At trial the prosecution showed that Rodriguez “had accessed the personal records of 17 different individuals for nonbusiness reasons.” Id. All 17 of the individuals for whom he accessed information were women — his former wife, former girlfriends or women for whom he had a romantic interest. For example, Rodriguez accessed the SSA database “to determine how much . . . [his former wife] was earning,” accessed the personal information of a former girlfriend 62 times, and accessed the personal information of a number of women he met at a Universalist church study group. Id. at *2. One of these women testified at Rodriguez’ trial that “she received a letter from Rodriguez at her home address and was shocked because she had not given Rodriguez her address, she ordinarily receives all her mail at a post office box, and her middle initial was on the envelope although she had not used it since grade school.” Id. The SSA database records reflected that Rodriguez had accessed her personal information 45 times. At trial Rodriguez testified and “admitted that he did not access the victims’ records as a part of his duties as a TeleService representative.” Id. at 3. Rodriguez was convicted and sentenced to a year in prison.

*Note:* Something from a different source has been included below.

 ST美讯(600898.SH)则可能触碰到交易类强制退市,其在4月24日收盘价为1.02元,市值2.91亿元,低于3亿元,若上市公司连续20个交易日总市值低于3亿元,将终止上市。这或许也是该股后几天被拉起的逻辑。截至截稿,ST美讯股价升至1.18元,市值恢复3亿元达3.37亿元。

On appeal Rodriguez relied on Brekka arguing that “he did not violate . . . [the CFAA] because he accessed only databases that he was authorized to use as a TeleService representative.” Id at *4. The court, however, rejected this argument and affirmed Rodriguez’ conviction. The court specifically found that based on SSA’s policy that “use of databases to obtain personal information is authorized only when done for business reasons” and the plain language of the CFAA, Rodriguez had exceeded his authorized access to the SSA’s database. Id. The court distinguished Brekka on its facts – Brekka’s employer “had no policy prohibiting employees from emailing company documents to personal email accounts, and there was no dispute that Brekka had been authorized to obtain the documents or to send the emails while he was employed;” whereas the SSA “told Rodriguez that he was not authorized to obtain personal information for nonbusiness reasons.” Id.

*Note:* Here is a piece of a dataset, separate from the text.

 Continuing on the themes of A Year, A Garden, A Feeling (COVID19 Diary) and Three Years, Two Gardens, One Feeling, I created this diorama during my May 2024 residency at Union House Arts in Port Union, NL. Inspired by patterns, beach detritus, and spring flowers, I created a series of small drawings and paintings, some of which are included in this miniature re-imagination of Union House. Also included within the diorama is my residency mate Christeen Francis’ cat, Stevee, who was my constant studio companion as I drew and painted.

The lessons from this case to employers and their counsel who are drafting corporate computer policies are

• First, it is critical to establish corporate computer policies setting forth the employee’s scope of authorization to access the company computers,

• Second, this policy should be re-enforced on a periodic basis in a variety of ways that are designed for the particular circumstances and needs of the individual company, and

• Third, the company should actively monitor employee computer usage to ensure that its policies are being followed and take appropriate actions when its policies are violated.